Изучая особенности сознания человека и способы его выражения, культурология столкнулась с проблемой «центризма». Человек рассматривает окружающую его действительность с определенной точки, из центра, что и составляет его мировоззрение. Уже имея дело с любыми парными категориями, например правое – левое, мужчина – женщина, верх – низ, душа – тело, содержание – форма и т.д., мы невольно ставим себя на определенную сторону отношения и с этой позиции рассматриваем противоположность. Для нас особой значимостью обладает одна сторона противоположности, противоположности неравноценны. Принцип центрации пронизывает все области духовной культуры. В философии это рациоцентризм (рационализм) или сенсуализм (сенсоцентризм), материализм (материоцентризм) или идеализм (идеоцентризм) и др. оппозиции. В культуре – противоположности консерватизма и прогрессизма, традиционализма или футуризма и т.д. Т.е., в любом случае, для нас одна сторона противоположности «лучше», «ценнее», «важнее». Уязвимость такого положения очевидна. Ведь мы не можем избавиться от левого в угоду правому, от верха ради торжества низа, от тела в пользу духа. Но ничего не изменится, если мы свою точку зрения поменяем на противоположную, перевернем отношение. Первым, кто в семиотике поставил эту проблему, был Жак Деррида.
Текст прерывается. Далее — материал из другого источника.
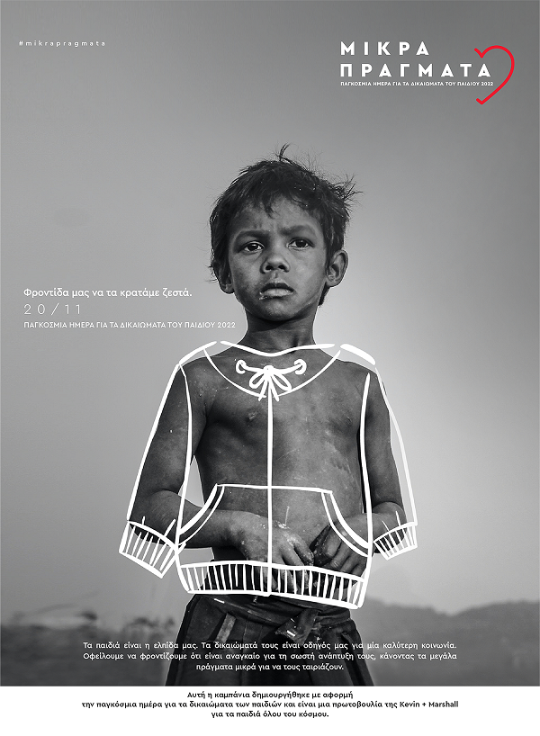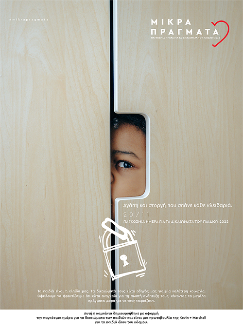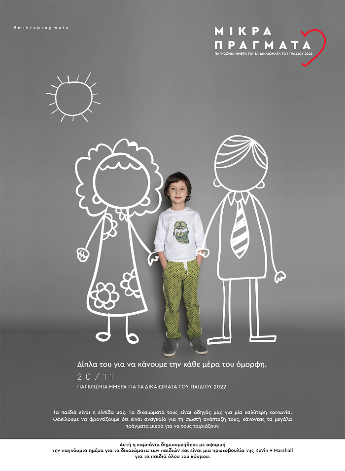 Με αφορμή την Παγκόσμια Ημέρα για τα δικαιώματα του παιδιού, σχεδίασε και υλοποίησε μια καμπάνια που έχει σαν στόχο το awareness και την ευαισθητοποίηση του κοινού για ένα ζήτημα που μοιάζει πιο επίκαιρο από ποτέ. Δίνοντας έμφαση στο θέμα της οικογένειας, της ενδοοικογενειακής βίας και της φτώχειας, σκοπός της είναι να αναδείξει αυτές τις τρεις θεματικές που η καθεμία τους παρουσιάζει ξεχωριστό ενδιαφέρον. Τα μικρά πράγματα για εμάς, τα δεδομένα, είναι πράγματα μεγάλης αξίας για τα παιδιά και αυτό είναι το μήνυμα που πρέπει να περάσει στον κόσμο. Να κοιτάξουμε όλοι μας μέσα από τα μάτια των παιδιών, να μπούμε στη θέση τους και να καταλάβουμε τη διαφορετική πραγματικότητα στην οποία ζουν.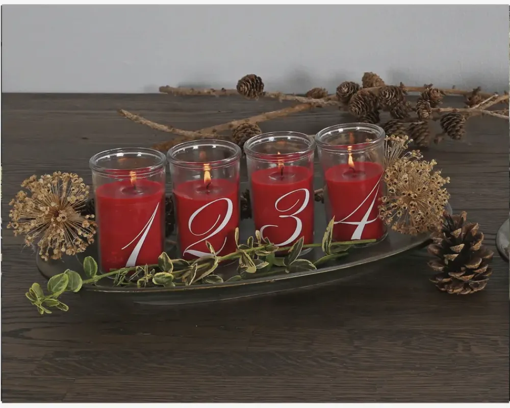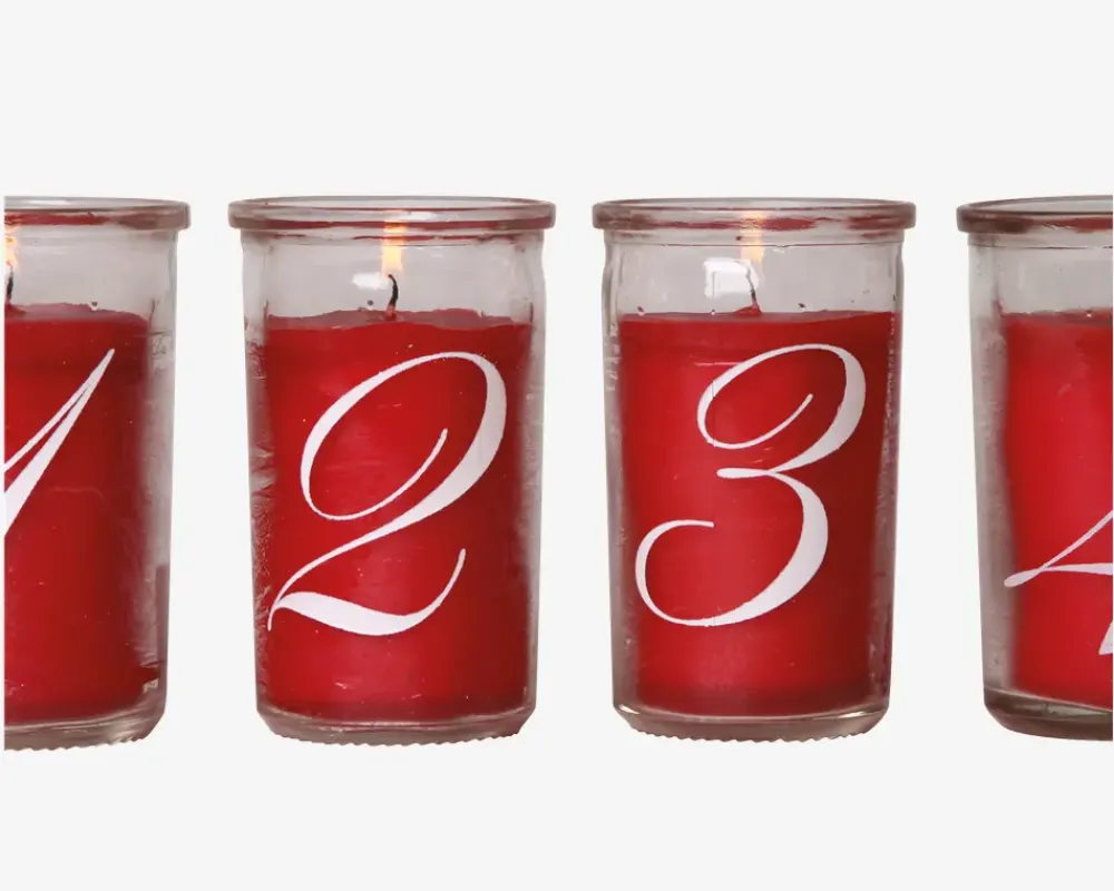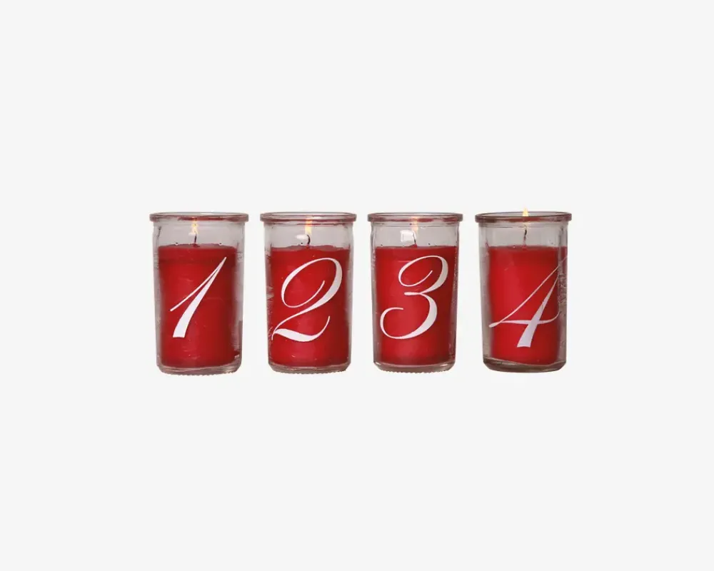 Fine adventslys i rød med tal på. Skab en hyggelig stemning med disse enkle adventslys der kan brænde i ca. 24 timer pr lys.

Он попытался уничтожить саму идею первичности, стереть черту, разделяющую оппозиции. Он считал, что идея оппозитивного различия должна уступить место идее различения, «инаковости» сосуществования множества смысловых инстанций. Оставляя друг на друге следы своего взаимодействия, эти инстанции, «инаковости» уничтожают само понятие о центре. Но вся культура европейского Нового времени построена по принципу «центризма». Какой облик может приять новая культура, лишенная центрации, оппозиций? На этот вопрос попыталась ответить Ю. Кристева, член группы «Тель Кель», проведя разграничение двух понятий: «гено-текст» и «фено-текст».
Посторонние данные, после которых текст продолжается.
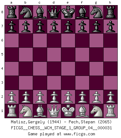 First move 2026 March 20 23:31:3 White clock - 29 days 00:02:53 Black clock - 30 days 00:00:00 [Event "FICGS__CHESS__WCH_STAGE_1_GROUP_04__000031"] [Site "FICGS"] [Date "2026.03.20"] [Round "1"] [White "Matisz,Gergely"] [Black "Pech,Stepan"] [Result "*"] [WhiteElo "1944"] [BlackElo "2065"] 1.* Follow this game move after move (download)A man without frontiers. He didn't divide the East and the West, he brought them together in their admiration for him. (Ljubomir Ljubojevic, about Bobby Fischer's death) Ich organisiere ein großes Turnier, was mich etwa 120000 Dollar kostet. Ich denke, das ist das erste Mal in der Schachgeschichte, daß ein Schachgroßmeister auch als Mäzen auftritt. (Miguel Najdorf) Yo no creo en la psicología. Yo creo en las buenas movidas. (Bobby Fischer) Les échecs, c'est l'imagination. (David Bronstein) See no evil, hear no evil, speak no evil. (The 3 monkeys)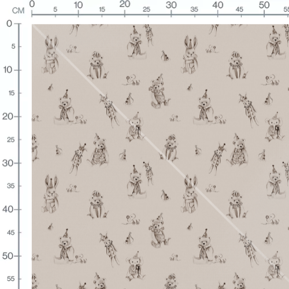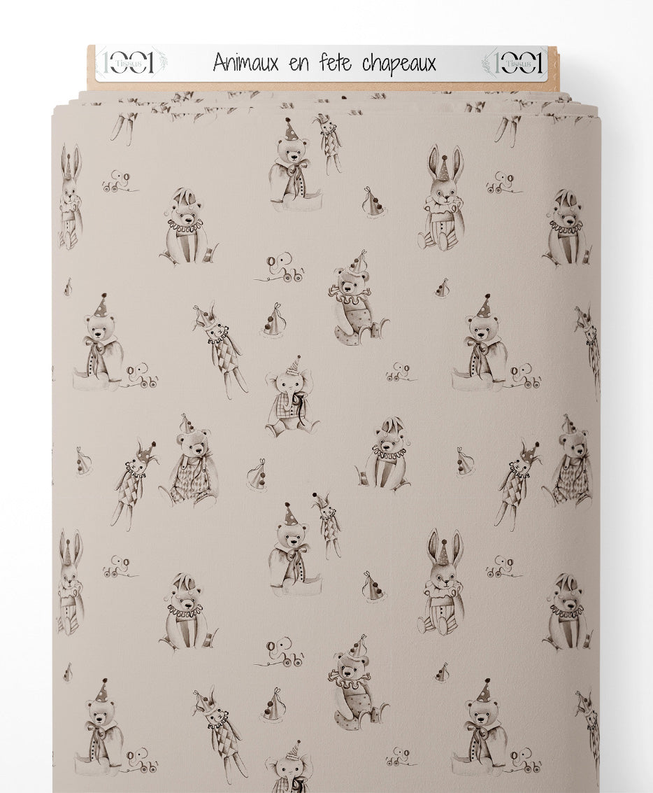 Les animaux portent des chapeaux pointus et des vêtements festifs. Les lapins et les ours sont dessinés dans des tons bruns. Les petites souris ajoutent une touche ludique au motif.Les tissus

Фено-текст – это готовый организованный семиотический продукт, обладающий устойчивым смыслом. Этот текст образуют фразы естественного языка. Они предназначены для непосредственного воздействия на партнера по коммуникации. Но за этим текстом должен скрываться другой, гено-текст.
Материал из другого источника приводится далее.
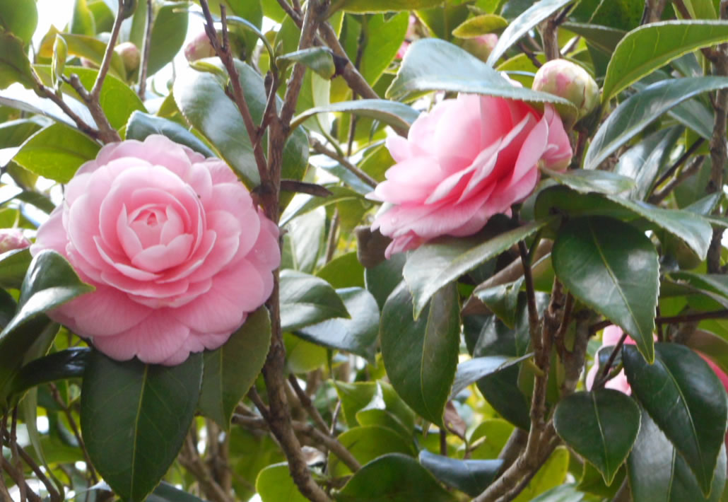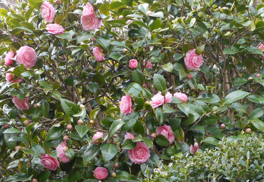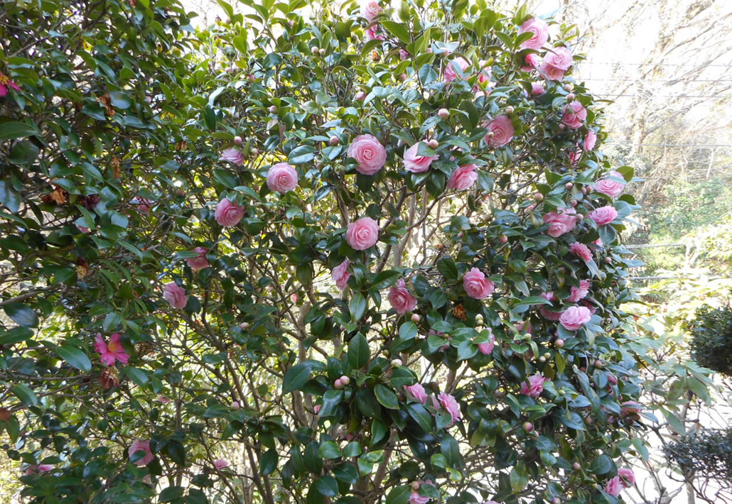 春咲きで3月中旬に、冬に咲いた「山茶花」の隣で咲き始めです

Гено-текст образуют различенные смыслы, значения, где нет центра и периферии, нет субъективности, нет коммуникативного задания. Это неструктурированная смысловая множественность, обретающая структурную упорядоченность лишь на уровне фено-текста, это культурный своеобразный продукт, обнаруживающийся лишь на уровне фено-текста. Аналогами этих двух текстов выступают у Барта понятия «произведение» и «текст». Непосредственно человеку дается произведение, но оно будет ему непонятно без текстового анализа, на уровне которого и выявляется весь контекст культуры. Каждый текст сплетен из многочисленных культурных кодов, в существовании которых даже сам автор не отдает себе отчета. Культурный код – это «перспектива множества цитаций, мираж сотканный из множества структур; единицы образуемые этим кодом, суть не что иное как отголоски чего-то, что уже было читано, видено, сделано, пережито: код является следом этого «уже». Отсылая к уже написанному ( к книге культуры, жизни, жизни как культуры), он превращает текст в каталог этой Книги». Текст оказывается памятью культуры, но и воспоминанием о ее будущем. Текст – это пространство, лишенное центра, оно не структурированно, не имеет начала и конца, прошлого и будущего. Текст – это интертекст, то, что за ним скрывается, т.е. вся культура, прошлая и будущая. Переплетение кодов Р. Барт обозначил термином «письмо». Но если раньше он понимал его как переплетение социолектов, то теперь мыслит его как «чтение», погружение в текст-письмо. Процедура «чтения», которую требует «текст», должна отличаться от критической интерпретации, «критики», « критическое «письмо») которую предполагает «произведение».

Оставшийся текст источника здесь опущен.